Most of us have never met in person, but that doesn’t matter. When one APBA member announced his mother passed away a few years ago, the outpouring of prayers and condolences from the group was massive.We also wish each other happy birthdays and root on our replays. When someone has a no-hitter and writes about it on Facebook, the congratulations are akin to those given to new fathers.
I did get to meet a handful of APBA guys in 2015 when, during my constant driving to Chicagoland to see Holly, I went to a tournament held in a nearby town. I had never seen any of them in person before, but felt like I knew them.

I doubt the Left-Handed Morticians develop that quick of a bond. 

Is it like demographics? I was a geeky, nerdy kid growing up who mostly preferred the company of my cards and replays over hanging out with other kids. I was very inept at sports, but I loved keeping up with teams, standings and stats. The APBA world I created by doing replays filled that need.
So, are there similar characteristics of an APBA player? I’m not so sure. I’ve met outgoing players and more loner types, those who excel in sports and klutzes like myself, rich ones and poor ones, old and young.

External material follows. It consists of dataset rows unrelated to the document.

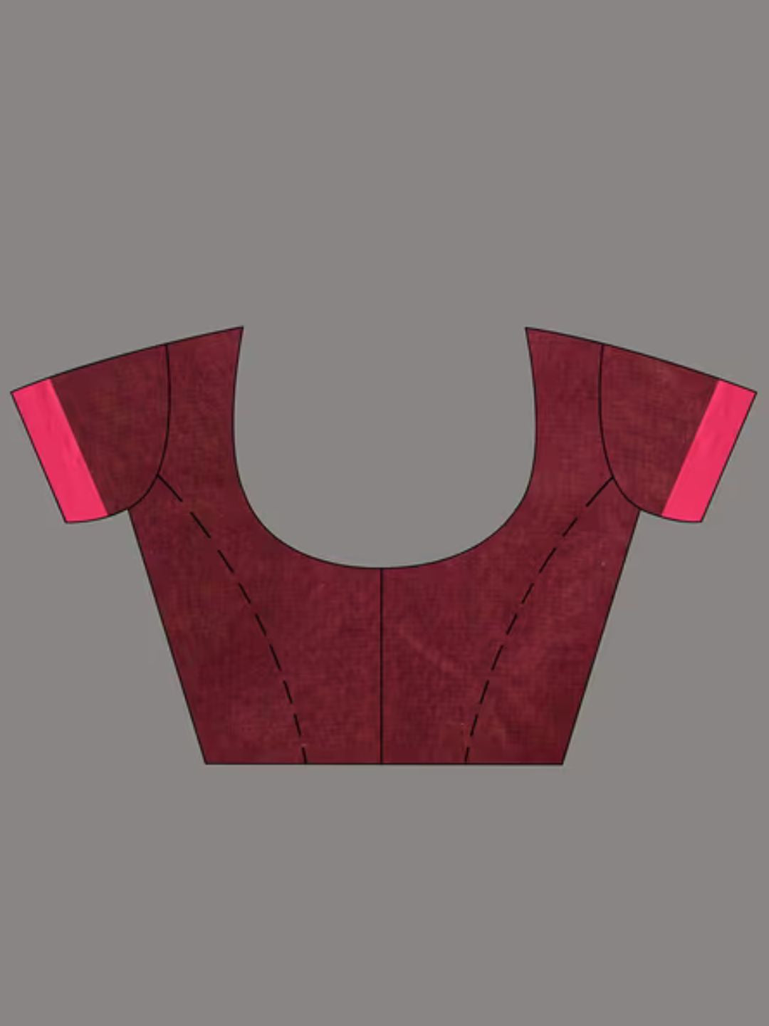 Pure handloom khadi cotton saree contrast blouse adorned with delicate sequin work. Soft, breathable, and lightweight - perfect for festive occasions, cultural gatherings, or adding subtle sparkle to your everyday style.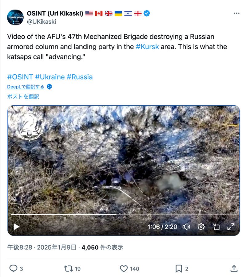 雪に覆われた平原を進むロシア軍の車列はたちまちウクライナ軍・第47機械化旅団と近傍の部隊のドローンやミサイル、大砲による攻撃を浴びることになった(Xのスクリーンショット)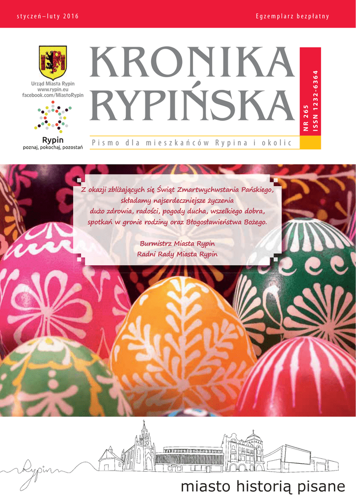 Egzemplarz bezpłatny Urząd Miasta Rypin www.rypin.eu facebook.com/MiastoRypin KRONIKA RYPIŃSKA Pismo dla mieszkańców Rypina i okolic Z okazji zbliżających się Świąt Zmartwychwstania Pańskiego, składamy najserdeczniejsze życzenia dużo zdrowia, radości, pogody ducha, wszelkiego dobra, spotkań w gronie rodziny oraz Błogosławieństwa Bożego. Burmistrz Miasta Rypin Radni Rady Miasta Rypin NR 265 ISSN 1232-6364 styczeń–luty 2016 KRONIKA RYPIŃSKA Na sesji plenarnej Komitetu Regionów W dniach 10 – 11 lutego w Brukseli odbyła się 116. sesja plenarna Europejskiego Komitetu Regionów, w której uczestniczył Burmistrz Miasta Rypin Paweł Grzybowski. Dwudniowe obrady odbywały się w sali posiedzeń plenarnych Parlamentu Europejskiego. Burmistrz Paweł Grzybowski uczestniczył w obradach jako delegat Związku Miast Polskich do Komitetu Regionów. Gospodarz naszego miasta po raz pierwszy zaznaczył swoją aktywność, występując w imieniu grupy ECR – europejskiej partii Konserwatystów i Reformatorów. Wystąpienie skierowane było do komisarza ds. edukacji, kultury, młodzieży i sportu Tobora Navracsicsa. Wśród wielu punktów posiedzenia Komitetu Regionów były także wystąpienia m.in. przewodniczącego Rady Europejskiej – Donalda Tuska, komisarz ds. polityki regionalnej – Coriny Cretu, a także niderlandzkiego ministra spraw wewnętrznych i ds. kontaktów z Króle- stwem – Ronalda Plasterka. Podczas posiedzenia opiniowano także m.in. projekt rezolucji w sprawie zagrożeń dla strefy Schengen, czy też realizację odnowionych ram europejskiej współpracy w dziedzinie młodzieży. Magdalena Balińska „Szanowny Komisarzu Navracsics, w imieniu grupy ECR chciałbym powitać Pana na sesji plenarnej badania prowadzone w moim regionie wskazują na rozdźwięk pomięKomitetu Regionów. Chciałbym wypowiedzieć się w sprawie edukacji dzy potrzebami pracodawców, a kwalifikacjami poszukujących pracy. Jamłodych i jej roli w zapewnianiu miejsc pracy w regionach miejskich ko władze lokalne i regionalne mamy kluczową rolę do odegrania w tej sprawie. Często działamy jako dostawcy usług edukacyjnych, szkolenioi wiejskich. Jest to obszar, gdzie potrzebujemy więcej regionalizmu. Na początku, dla zilustrowania jak ważna jest dla nas ta spra- wych i zawodowych. Niestety nie zawsze zapewnia nam się elastyczwa, przedstawię pewne dane. Europejski wskaźnik bezrobocia poniżej ne podejście i właściwe zasoby, aby ułatwić młodym ludziom przejście 28 roku życia (EU-28) w grudniu 2015 roku wynosił 9%. Jak doskona- z etapu edukacji na rynek pracy. Na koniec chciałbym podkreślić, że edukacja i kwalifikacje często le Pan wie, wskaźnik bezrobocia wśród młodych w naszych krajach jest generalnie znacznie wyższy – nawet dwa i więcej razy wyższy niż ogól- dotyczą umiejętności miękkich. Kluczem do prawdziwej edukacji jest ny wskaźnik dla każdego wieku. Polska w tym względzie się nie wyróż- inteligencja plus charakter. Chciałbym zatem wezwać Komisję Europejnia. Obecny wskaźnik bezrobocia wynosi 10,3%, ale bezrobocie wśród ską do pracy z władzami lokalnymi i regionalnymi, by wykorzystać promłodych to 20%. W niektórych krajach UE połowa młodych ludzi jest gram Erasmus+, aby dotrzeć do różnych grup uczestników. Erasmus+ jest ważnym programem, ponieważ otwiera możliwości dla młodych bezrobotna. Inną rzeczą, o której nie powinniśmy zapominać w tym kontek- Europejczyków i pomaga ludziom z różnych kultur lepiej oddziaływać ście jest podział miasto – wieś. Jako przykład podam region, który re- na siebie, adaptować się i komunikować. Dziękuję.” prezentuję – województwo kujawsko-pomorskie. W dwóch największych miastach regionu – Bydgoszczy i Toruniu wskaźnik bezrobocia w 2015 roku wynosił odpowiednio 5,4% i 6,9%, podczas gdy w niektórych regionach wiejskich był bliski 25%. Zachęcam Pana Komisarza do ścisłej współpracy z czołowymi politykami w celu lepszej pracy nad tym wyzwaniem i konsultowania Pana przedsięwzięć z władzami lokalnymi i regionalnymi. Finansowanie innowacyjnych centrów nauczania, wzmocnienie współpracy pomiędzy szkołami i firmami, poprawa infrastruktury – mają kluczowe znaczenie i nie powinno być ograniczane na obszarach wiejskich. Jeśli skupimy się zbytnio na miastach, wzrost będzie nierówny, sterowany centralnie i nasz kraj szybko się wyludni. Musimy wspólnie rozważyć, jak zapewnić naszym młodym obywatelom z różnych części naszych krajów kwalifikacje, które znajdą zastosoWystąpienie burmistrza Pawła Grzybowskiego podczas sesji plenarnej Europejskiego Komitetu Regionów wanie w regionach, z których pochodzą. Wszelkie 2 styczeń–luty 2016 Fot. Nadesłane Treść wystąpienia Burmistrza Miasta Rypin Pawła Grzybowskiego: KRONIKA RYPIŃSKA Z sesji Rady Miasta Rypin 30 listopada 2015 r. odbyła się XIII sesja Rady Miasta Rypin. Podczas obrad radni podjęli następujące uchwały: – Uchwała Nr XIII/109/15 w sprawie przyjęcia i realizacji „Planu gospodarki niskoemisyjnej dla Gminy Miasta Rypin na lata 2015–2020”, – Uchwała Nr XIII/110/15 w sprawie zatwierdzenia taryfy dla zbiorowego zaopatrzenia w wodę i zbiorowego odprowadzania ścieków, – Uchwała Nr XIII/111/15 w sprawie dopłaty do taryfowych grup odbiorców zbiorowego zaopatrzenia w wodę i zbiorowego odprowadzania ścieków, – Uchwała Nr XIII/112/15 w sprawie przyjęcia Programu opieki nad zwierzętami bezdomnymi oraz zapobiegania bezdomności zwierząt na terenie Gminy Miasta Rypin na 2015 rok, – Uchwała Nr XIII/113/15 w sprawie podatku rolnego, – Uchwała Nr XIII/114/15 w sprawie podatku leśnego, – Uchwała Nr XIII/115/15 w sprawie określenia wysokości stawek podatku od nieruchomości, – Uchwała Nr XIII/116/15 w sprawie określenia wysokości stawek podatku od środków transportowych i zwolnień w tym podatku, – Uchwała Nr XIII/117/15 w sprawie wpro
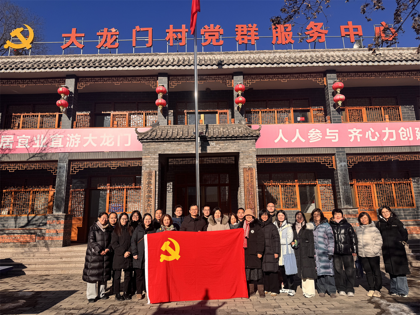 全體黨員先后前往淶水縣山南村和大龍門村交流學(xué)習(xí)。山南村錯(cuò)落分布著曹火星故居、冀熱察區(qū)黨委舊址、冀熱察挺進(jìn)軍司令部舊址等紅色遺跡,大家沿著革命先輩的奮斗足跡,深切感悟革命年代先輩們艱苦斗爭(zhēng)、無(wú)私奉獻(xiàn)的崇高精神,深入了解當(dāng)?shù)貙⒓t色資源保護(hù)利用與鄉(xiāng)村發(fā)展有機(jī)融合的實(shí)踐路徑,在村廣場(chǎng)全體黨員整齊列隊(duì)、莊重肅立,在鮮紅的黨旗下重溫入黨誓詞,并齊聲高唱《沒有共產(chǎn)黨就沒有新中國(guó)》,以鏗鏘誓言和嘹亮歌聲表達(dá)對(duì)黨的忠誠(chéng)與熱愛。下午,黨員們前往大龍門村,實(shí)地調(diào)研和美鄉(xiāng)村建設(shè)成果,該村依托“大龍門城堡”古關(guān)隘的歷史文化資源和生態(tài)優(yōu)勢(shì),大力發(fā)展精品民宿和鄉(xiāng)村旅游,并結(jié)合藝術(shù)寫生基地、微短劇拍攝基地等新業(yè)態(tài),有效盤活鄉(xiāng)村資源、帶動(dòng)村民增收。大家實(shí)地查看村容村貌整治、基礎(chǔ)設(shè)施提升和特色產(chǎn)業(yè)培育等情況,深入交流當(dāng)?shù)卦谕七M(jìn)農(nóng)文旅融合、實(shí)現(xiàn)鄉(xiāng)村全面振興方面的經(jīng)驗(yàn)做法,為高質(zhì)量開展農(nóng)業(yè)農(nóng)村規(guī)劃設(shè)計(jì)工作積累了鮮活素材和實(shí)踐經(jīng)驗(yàn)。
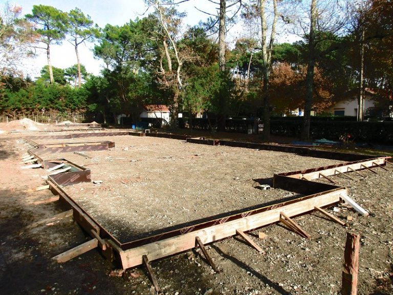 Détails sur la structure reposant sur les pieux : Ouvrages en ossature bois sur dalle béton posée sur les Techno Pieux.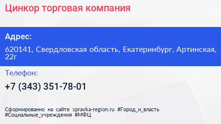 Цинкор, торговая компания по адресу 620141, Свердловская область, Екатеринбург, Артинская, 22г в дальнейшем Организация, размещена в следующих категориях:

I’m not sure what the bonding drive is for ABPA. Maybe it’s just the unsaid knowledge we have about the game and what it means to us. It’s like policemen who share the bonding of chaos and seeing crime all the time. They don’t talk about it, but they all know of it.
Whatever it is, I offer that the APBA group is an amazing eclectic group. We may have diverse backgrounds, but we share a common bond over the dice and cards and computer games that draw us close.